Abstract:
A coulter is provided to create furrows in a field, while at the same time reducing the amount of soil and debris which accumulates on the coulter disc. The coulter has a disc for creating furrows, with a floating scraper blade on the inner side to keep the inner side of the disc free of debris. The scraper blade also assists in maintaining the furrow once it has been opened by the disc. A tine extends across the outer side of the disc in a configuration that prevent soil from adhering to the outer side of the disc, and in trash covered fields, trash will wrap around the tine to act as an organic wear pad between the disc and the tine.

Description:
FIELD OF THE INVENTION 
     The present invention relates to agricultural implements and is particularly concerned with a coulter with an inside floating scraper and an outside spring closer tine. 

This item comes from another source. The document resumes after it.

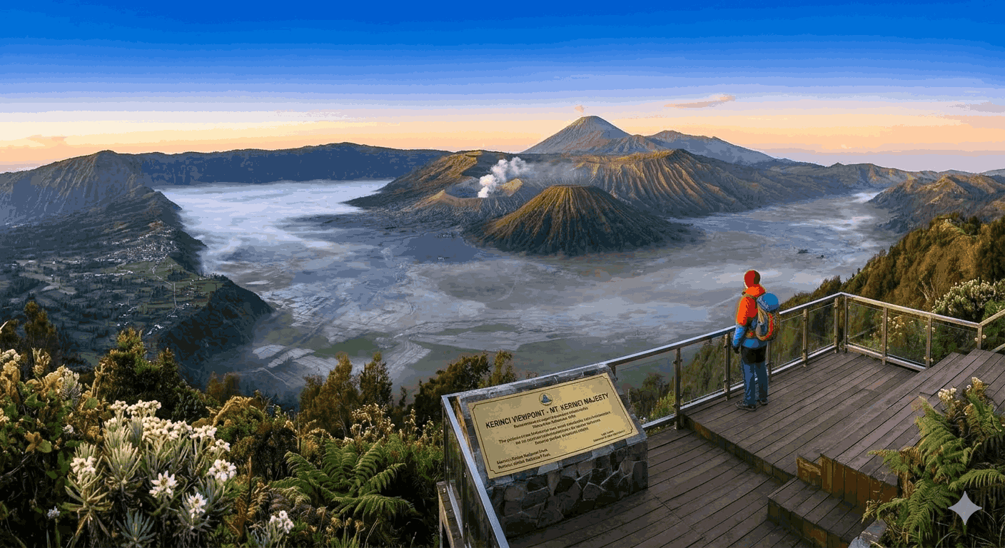 Pertama-tama, pemandangan paling ikonik adalah saat matahari menyentuh garis cakrawala. Dari ketinggian, kamu tidak hanya melihat langit, tetapi juga lautan awan di bawahmu. Cahaya jingga akan membakar permukaan awan tersebut hingga terlihat seperti samudera api. Suasana sunyi di ketinggian menambah syahdu momen yang tak terlupakan ini.

     BACKGROUND OF THE INVENTION 
     Farmers frequently plant crops in fields that have debris and waste material covering the field. Such material may consist of straw or old crops, which is frequently referred to as trash. In order to plant seeds or deposit fertilizer in such fields, coulters are tools that are used to create furrows or seed trenches in the soil. Circular discs are frequently used to perform this operation. These discs are typically attached, in a side-by-side configuration, to a frame which is then pulled behind a tractor to till a field. 
     One problem that may occur with known coulter discs is an accumulation of dirt and debris between the discs and the struts as they rotate through the soil. If the soil is wet, it may stick to the discs in the form of clumps, which can inhibit rotation of the discs, cause poor disc penetration, excessive soil disturbance and create excessive draft forces. 
     In U.S. Pat. No. 493,182 issued Mar. 7, 1893, Platt teaches the use of a rod, which rotates freely about a spool between discs, to break up clogs of dirt and debris which form as the coulter discs create a furrow. The rod drags behind the discs and as soil accumulates, the rod rotates upward until the rod is stopped above the discs. The rod breaks the soil clumps which fall beside the disc. A scraper blade is also provided which is subject to a spring force to keep the scraper blade in contact with a surface of the coulter. As the coulter disc rotates, the scraper blade maintains contact with the surface to remove debris. 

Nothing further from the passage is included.